Whichever lines of the entries hold the word "with" should be identified and copied.

- Dataset entries:
Start of Block
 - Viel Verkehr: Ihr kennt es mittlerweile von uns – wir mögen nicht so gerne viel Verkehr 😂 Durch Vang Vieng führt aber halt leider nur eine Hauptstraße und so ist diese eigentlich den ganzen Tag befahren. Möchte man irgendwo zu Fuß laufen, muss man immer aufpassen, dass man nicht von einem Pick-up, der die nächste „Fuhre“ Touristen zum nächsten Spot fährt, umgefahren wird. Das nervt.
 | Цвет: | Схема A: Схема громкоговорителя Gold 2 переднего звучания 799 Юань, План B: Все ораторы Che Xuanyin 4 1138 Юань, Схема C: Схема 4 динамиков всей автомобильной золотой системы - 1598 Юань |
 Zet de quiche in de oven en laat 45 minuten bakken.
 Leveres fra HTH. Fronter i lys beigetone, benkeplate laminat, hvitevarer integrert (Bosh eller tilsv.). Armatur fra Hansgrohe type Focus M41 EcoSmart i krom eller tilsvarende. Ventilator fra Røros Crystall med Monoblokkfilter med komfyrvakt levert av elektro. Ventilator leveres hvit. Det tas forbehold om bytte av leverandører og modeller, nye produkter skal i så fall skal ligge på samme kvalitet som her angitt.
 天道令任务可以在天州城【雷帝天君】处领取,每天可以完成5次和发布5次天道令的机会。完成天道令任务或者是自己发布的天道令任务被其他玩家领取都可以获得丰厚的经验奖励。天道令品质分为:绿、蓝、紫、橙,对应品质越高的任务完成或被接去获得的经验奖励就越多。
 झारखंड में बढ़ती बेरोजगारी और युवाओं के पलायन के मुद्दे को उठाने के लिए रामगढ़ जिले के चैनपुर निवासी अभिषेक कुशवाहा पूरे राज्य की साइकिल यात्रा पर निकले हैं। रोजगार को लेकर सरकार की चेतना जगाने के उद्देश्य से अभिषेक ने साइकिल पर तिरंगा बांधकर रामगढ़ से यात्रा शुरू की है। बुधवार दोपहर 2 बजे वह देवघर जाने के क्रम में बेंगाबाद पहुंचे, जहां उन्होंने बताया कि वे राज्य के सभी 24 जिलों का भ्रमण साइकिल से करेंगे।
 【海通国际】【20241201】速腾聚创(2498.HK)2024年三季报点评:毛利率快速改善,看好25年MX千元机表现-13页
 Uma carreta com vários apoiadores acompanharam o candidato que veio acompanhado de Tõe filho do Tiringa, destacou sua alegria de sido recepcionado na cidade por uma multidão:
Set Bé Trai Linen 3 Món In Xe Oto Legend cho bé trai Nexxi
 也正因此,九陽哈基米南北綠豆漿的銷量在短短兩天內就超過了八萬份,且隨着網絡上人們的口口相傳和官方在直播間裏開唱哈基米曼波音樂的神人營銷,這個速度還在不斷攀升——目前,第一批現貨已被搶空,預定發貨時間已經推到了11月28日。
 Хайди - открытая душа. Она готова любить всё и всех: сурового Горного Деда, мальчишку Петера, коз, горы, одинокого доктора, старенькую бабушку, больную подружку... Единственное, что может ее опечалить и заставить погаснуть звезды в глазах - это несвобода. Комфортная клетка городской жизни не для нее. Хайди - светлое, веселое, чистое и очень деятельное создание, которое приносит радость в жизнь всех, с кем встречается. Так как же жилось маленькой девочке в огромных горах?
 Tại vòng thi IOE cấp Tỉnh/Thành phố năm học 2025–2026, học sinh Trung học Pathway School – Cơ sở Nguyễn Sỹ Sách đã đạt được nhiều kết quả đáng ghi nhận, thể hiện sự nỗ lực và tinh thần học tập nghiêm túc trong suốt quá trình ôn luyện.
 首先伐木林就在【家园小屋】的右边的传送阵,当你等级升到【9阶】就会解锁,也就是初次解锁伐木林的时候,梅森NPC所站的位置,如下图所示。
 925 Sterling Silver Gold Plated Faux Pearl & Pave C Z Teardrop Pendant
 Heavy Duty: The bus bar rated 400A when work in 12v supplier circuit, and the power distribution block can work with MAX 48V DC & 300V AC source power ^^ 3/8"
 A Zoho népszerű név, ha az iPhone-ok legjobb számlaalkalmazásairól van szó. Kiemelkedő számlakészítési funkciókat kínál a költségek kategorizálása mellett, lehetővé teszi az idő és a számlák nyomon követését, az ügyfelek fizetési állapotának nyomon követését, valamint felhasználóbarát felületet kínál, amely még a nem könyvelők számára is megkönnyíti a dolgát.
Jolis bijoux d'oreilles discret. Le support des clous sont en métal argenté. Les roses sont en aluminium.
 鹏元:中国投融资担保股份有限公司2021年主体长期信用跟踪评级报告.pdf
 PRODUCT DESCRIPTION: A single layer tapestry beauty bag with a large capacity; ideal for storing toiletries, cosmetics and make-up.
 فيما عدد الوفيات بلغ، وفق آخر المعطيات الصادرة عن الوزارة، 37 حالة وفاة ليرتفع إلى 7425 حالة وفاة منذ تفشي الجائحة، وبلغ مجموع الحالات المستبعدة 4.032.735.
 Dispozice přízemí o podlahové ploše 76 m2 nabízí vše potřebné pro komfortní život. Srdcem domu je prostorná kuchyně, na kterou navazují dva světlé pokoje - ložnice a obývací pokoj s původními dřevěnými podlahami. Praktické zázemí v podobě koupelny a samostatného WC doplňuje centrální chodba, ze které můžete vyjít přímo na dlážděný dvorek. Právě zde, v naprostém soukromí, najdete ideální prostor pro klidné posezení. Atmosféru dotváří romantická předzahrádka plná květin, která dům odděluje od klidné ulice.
End of Block
- Solution to this exercise:
 Heavy Duty: The bus bar rated 400A when work in 12v supplier circuit, and the power distribution block can work with MAX 48V DC & 300V AC source power ^^ 3/8"
 PRODUCT DESCRIPTION: A single layer tapestry beauty bag with a large capacity; ideal for storing toiletries, cosmetics and make-up.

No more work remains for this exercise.